Lactococcus lactis-stammen, afkomstig uit wilde planten, kunnen zonder veel moeite wennen aan een bestaan in dierlijke melk. Dat opent perspectieven voor de zuivelindustrie, melden onderzoekers van het NIZO, het Delftse Kluyver Centre en de VU in het tijdschrift Genome Research.

Volgens Herwig Bachmann, Johan van Hylckama Vlieg en collega’s is het een kwestie van versnelde evolutie. Normaal gesproken voelen L. lactis-stammen, die uit planten worden geïsoleerd, zich niet thuis in zuivel. Voor andere stammen van L. lactis is melk echter juist de natuurlijke omgeving. Aangenomen wordt dat die oorspronkelijk ook uit planten afkomstig zijn, en zich gaandeweg aan een bestaan in dierlijke melk hebben aangepast.

Die laatste stammen worden op grote schaal gebruikt in de zuivelindustrie. Ze worden in hoge concentraties gekweekt als ‘starterculturen’ die essentieel zijn voor de productie van kaas en karnemelk.

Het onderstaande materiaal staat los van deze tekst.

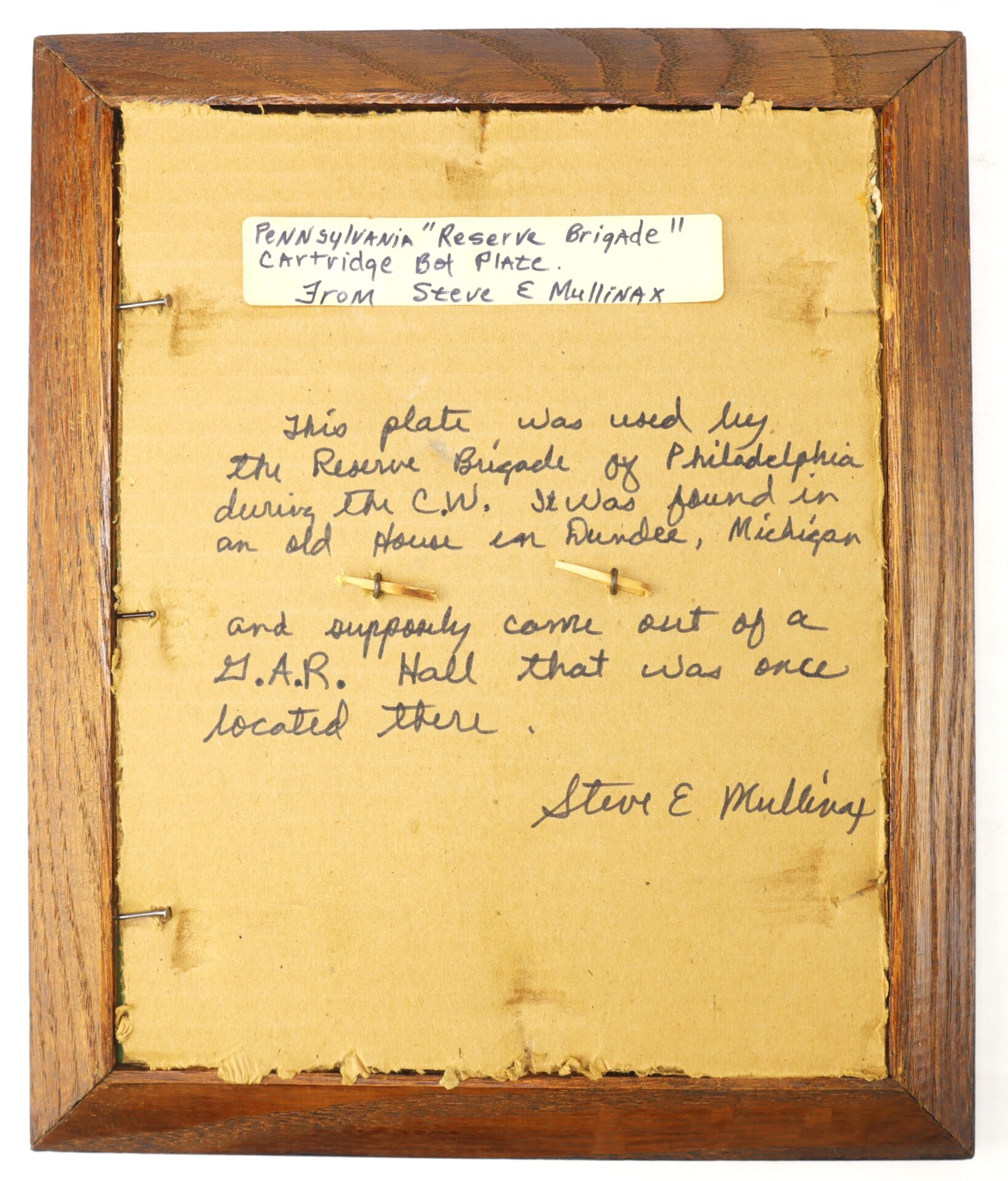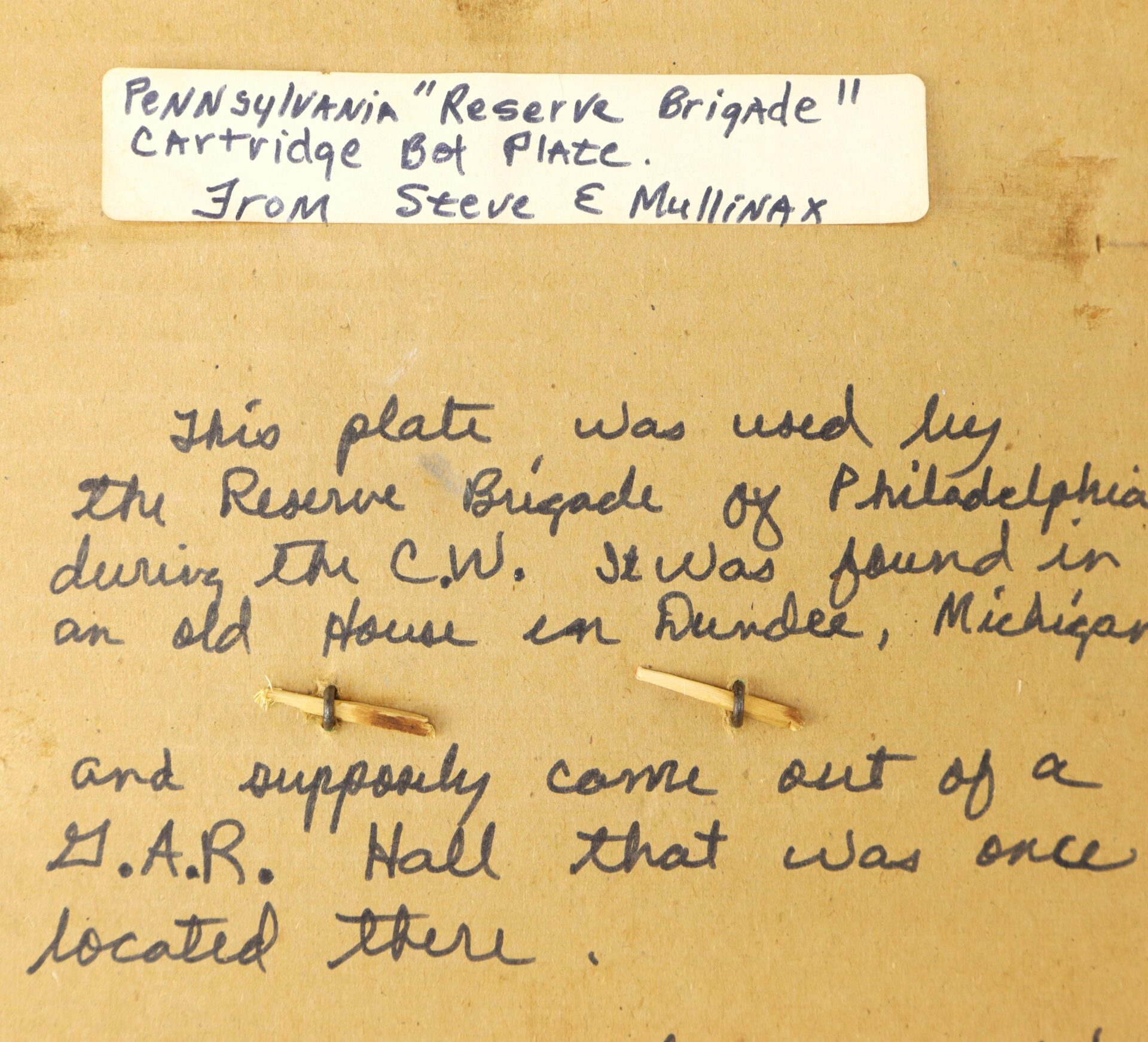 This plate is believed to have been manufactured during the war and was probably contracted with a local Philadelphia maker who produced limited quantities. This plate is oval following the Federal Regulation of 1839 and was used as ornamentation on the flap of cartridge boxes. Face is stamped out of thin sheet brass, lead filled and configured with iron loops as a box plate. Reference O’Donnell & Campbell’s book, plate 588. this example was from the famed Steve Mullinax collection and was gifted by him to a friend as the provenance states. A great example of a rare plate.

Van de genetische opbouw van die startercultuur hangt in hoge mate af wat voor eindproduct je daarbij krijgt.

De NIZO-onderzoekers hebben nu laten zien dat je een uit planten afkomstige stam ook kunt kweken in melk. Na zo’n 1.000 generaties weet de bacterie niet beter meer. Maar hij heeft dan nog wèl een aantal genetische eigenschappen die duidelijk afwijken van die van de huidige starterculturen.

Een van de gevolgen is dat ze de melk een stuk sneller kunnen laten verzuren.

Het betekent dat de zuivelindustrie een stuk meer variatie in die starterculturen kan gaan brengen. Al blijft natuurlijk de vraag of de bacteriën hun plantspecifieke genen niet vanzelf zullen verliezen als je er langer mee doorkweekt.